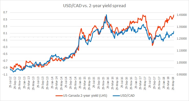 The chart above shows, how the relationship between USD/CAD and 2-year yield divergence has unfolded since 2012.
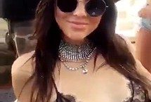 Hot little brunette model and reality TV star Kendall Jenner wants a piece of the action so she followed the lead of her mentor Kim Kardashian. Shown in these photos, this teenage beauty loves appearing in public wearing see through tops that show off her little tits, but isn’t afraid to put on skimpy outfits and lingerie for modeling work either. We can only hope that she loses a sex-tape in the near future.
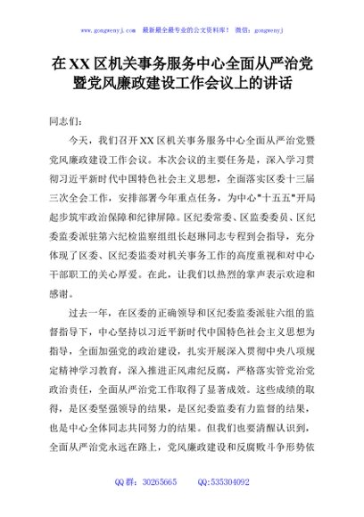/ 在XX区机关事务服务中心全面从严治党暨党风廉政建设工作会议上的讲话
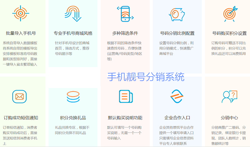 手机靓号分销系统,手机号分销系统怎么做?手机连号,吉祥号,靓号,炸弹号挑选商城,基于三级分销模式,返还佣金的方式分销代理。专门为售卖手机号定制开发线上分销系统,打破传统普通商城销售限制,快速实现全网营销(PC端+手机端+微信端+APP)。
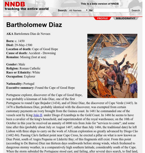 Notable Names Database|nndb: Bartholomew Diaz (Bartolomeu Dias)
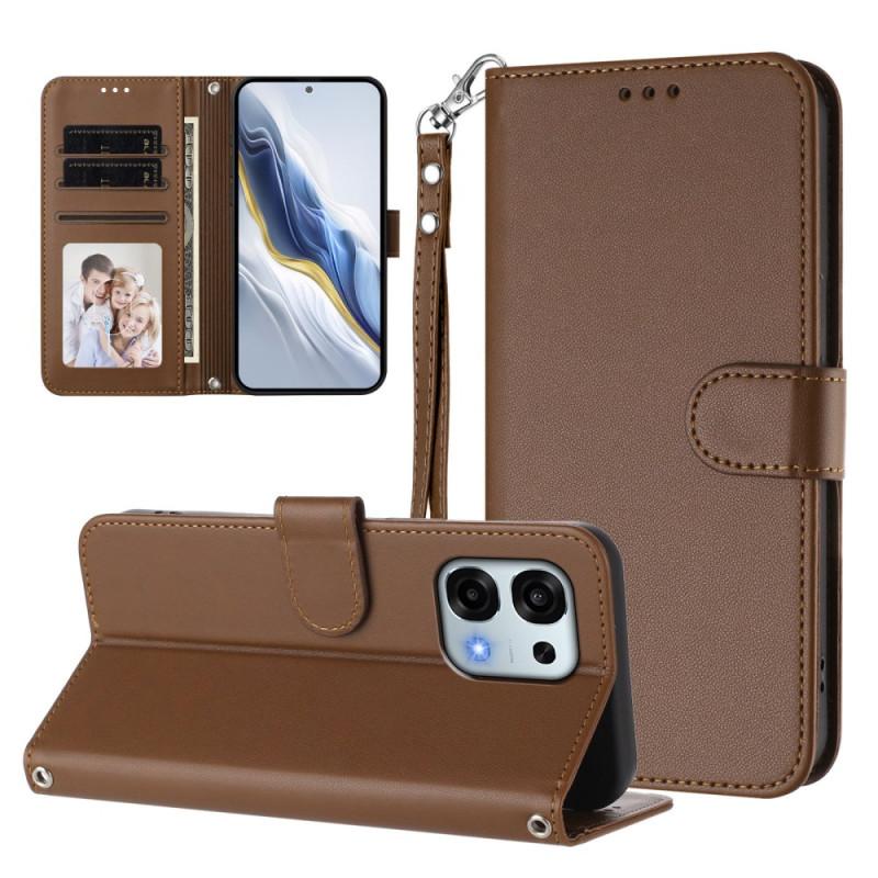 Elegante funda cartera para Oppo A6 Pro 5G con 3 ranuras para tarjetas, soporte manos libres y práctica colgante de mano. Protección completa contra los golpes y caídas cotidianos.

----------------------------------------

EXERCISE PROMPT
Return the data verbatim, leaving out the pictures it holds.

EXERCISE RESULT
 The chart above shows, how the relationship between USD/CAD and 2-year yield divergence has unfolded since 2012.
 Hot little brunette model and reality TV star Kendall Jenner wants a piece of the action so she followed the lead of her mentor Kim Kardashian. Shown in these photos, this teenage beauty loves appearing in public wearing see through tops that show off her little tits, but isn’t afraid to put on skimpy outfits and lingerie for modeling work either. We can only hope that she loses a sex-tape in the near future.
/ 在XX区机关事务服务中心全面从严治党暨党风廉政建设工作会议上的讲话
 手机靓号分销系统,手机号分销系统怎么做?手机连号,吉祥号,靓号,炸弹号挑选商城,基于三级分销模式,返还佣金的方式分销代理。专门为售卖手机号定制开发线上分销系统,打破传统普通商城销售限制,快速实现全网营销(PC端+手机端+微信端+APP)。
 Notable Names Database|nndb: Bartholomew Diaz (Bartolomeu Dias)
 Elegante funda cartera para Oppo A6 Pro 5G con 3 ranuras para tarjetas, soporte manos libres y práctica colgante de mano. Protección completa contra los golpes y caídas cotidianos.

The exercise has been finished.